Welcome back, BTW, I've missed your writing.
That sucks badyl, clickmom. So sorry to hear about your dad.
When my Dad died we just threw together a quick memorial a few days after he died, and then burried him a few days later in a totally different place. The memorial was big, the actual 'funeral' was small.
It was nice to just have his friends get up and tell stories, and have people tell me things I didn't know about him, not sure I would have gotten the same from a church type thing...ours had the booze flowing. I had my share of scotch that night. And I cried.
When I was carrying him to the hole in the ground where we were to leave him, I did not cry. In fact, I was all smiles, and there was no possible way I could cry.
Anyway, I am sure I totally missed the point, but just wanted to say I'm not a fan of funerals, and much prefer the wake type thing.
xoxo
I like wakes, but try to skip funerals.
Heelllloooo, in there. Anybody home?
I don't know how to put into words WHY it is that I disagree. It sounds weird to say that I *need* a funeral. But I do. My parents didn't shelter me from too many of them when I was a kid--and it's weird to hear many of my peers say they hadn't been to a funeral until their 20s.

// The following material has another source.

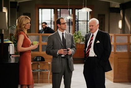Courting Alex Dabney Coleman, right, ties to manipulate Josh Stamberg into turning down a partner position at another firm while Jenna Elfman watches during a 2006 episode of "Courting Alex."
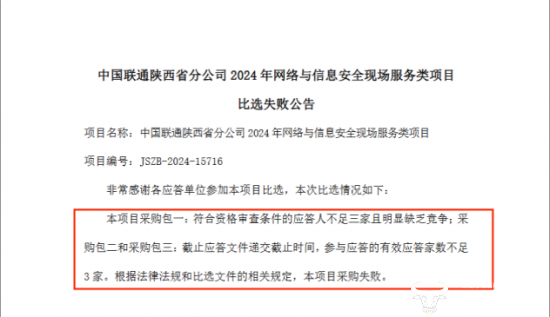 9月29日,陕西联通第一次发布比选公告,不久,就因为符合资格审查条件的应答人不足三家且明显缺乏竞争、截止应答文件递交截止时间,参与应答的有效应答家数不足3家等原因采购失败。

My great-aunt passed away a couple of weeks ago. She'd been sick a long time with Alzheimer's but her death was still unexpected. And it hurt. We all gathered for her funeral at the church where she was married, where many of our other family members had been married, or buried (so to speak). We needed to get together, to mourn, to remember, to tell a hilarious story of her reaction to my sister's name at the time she was born. . . and in our case (being Catholic) to commend her to God and to take comfort from Him and His promise of eternal life.